@ musicus65

    Am 4.11. würde er in Begleitung seine Sachen abholen und gleichzeitig würde der Umgangskontakt an diesem Tag eingeleitet werden von 10-17 Uhr. Mittelfristig strebt Herr R. an, 14tägig seinen Sohn Freitag um 17 Uhr zu holen und Sonntag um 17 Uhr zu bringen.

    Seine Sachen solltest Du ihm natürlich geben, ohne größeren Zeitverzug, es ist ja sein Eigentum. Aber ich nehme an, daß das auch kein großes Problem darstellt.


    Was das Kind angeht, solltest Du dich von Leuten, die sich mit solchen Situationen auskennen, fachlich beraten lassen.

    Er hat ja einen Teil seiner Sachen mitgenommen. Warum den Rest nicht, weiß ich nicht. Ich hatte die Wohnung verlassen und als ich wiederkam, waren da noch Sachen. Ich sagte, er solle meinen Schlüsselbund hierlassen. Aber den hat er mitgenommen.
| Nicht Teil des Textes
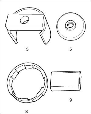 -5- - Press-out plate (For pressing out the chassis subframe bearings.).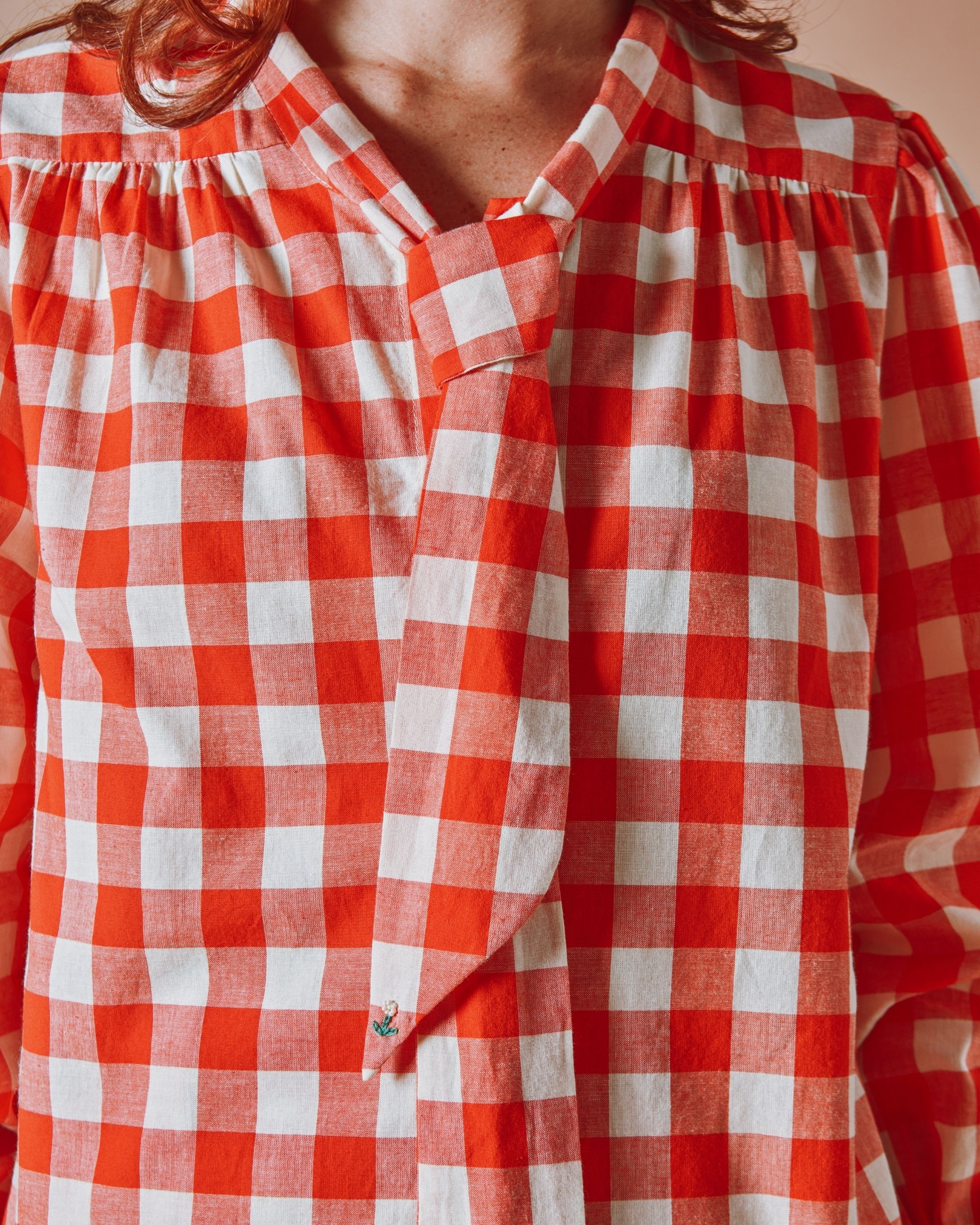Blouse col lavalière en coton bio vichy rouge et blanc.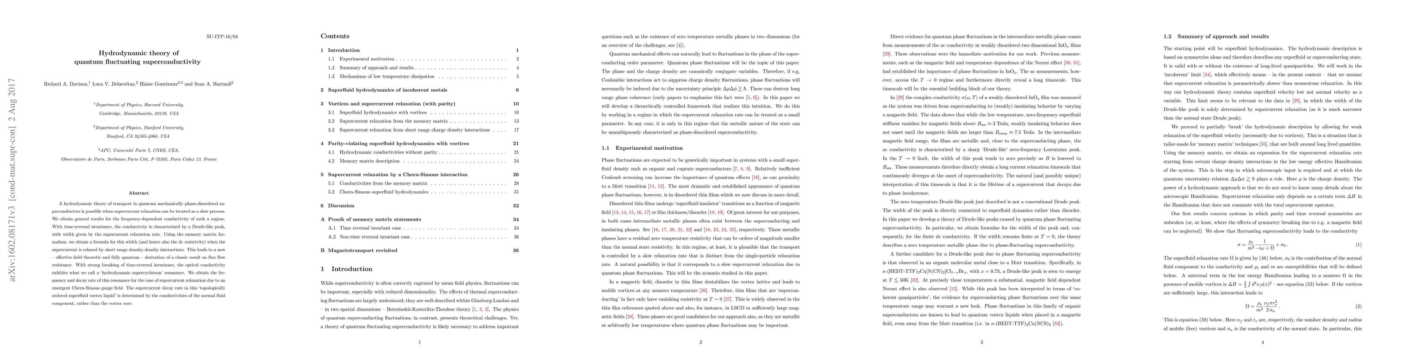 A hydrodynamic theory of transport in quantum mechanically phase-disordered superconductors is possible when supercurrent relaxation can be treated as a slow process. We obtain general results for the frequency-dependent conductivity of such a regime. With time-reversal invariance, the conductivity is characterized by a Drude-like peak, with width given by the supercurrent relaxation rate. Using the memory matrix formalism, we obtain a formula for this width (and hence also the dc resistivity) when the supercurrent is relaxed by short range Coulomb interactions. This leads to a new -- effective field theoretic and fully quantum -- derivation of a classic result on flux flow resistance. With strong breaking of time-reversal invariance, the optical conductivity exhibits what we call a `hydrodynamic supercyclotron' resonance. We obtain the frequency and decay rate of this resonance for the case of supercurrent relaxation due to an emergent Chern-Simons gauge field. The supercurrent decay rate in this `topologically ordered superfluid vortex liquid' is determined by the conductivities of the normal component of the liquid. Our work gives a controlled framework for low temperature metallic phases arising from phase-disordered superconductivity.

    Die Sachen kann er sofort holen. Aber dazu scheint er auch erst am vom Anwalt festgelegten, mit ihm ausgemachten Termin in der Lage zu sein.

    Zitat

    Am 4.11. würde er in Begleitung seine Sachen abholen

    Wieso eigentlich mit Begleitung? Sind die Sachen denn so schwer, daß er sie nicht alleine zum Auto bringen kann? Und hast Du eine Ahnung, wer die "Begleitung" sein wird?


    Jedenfalls: Falls Du die alleinige Mieterin der Wohnung bist (siehe Mietvertrag), hast auch nur Du das Recht, zu bestimmen, wer in die Wohnung hinein darf. Das gilt unabhängig davon, ob er noch einen Schlüssel hat.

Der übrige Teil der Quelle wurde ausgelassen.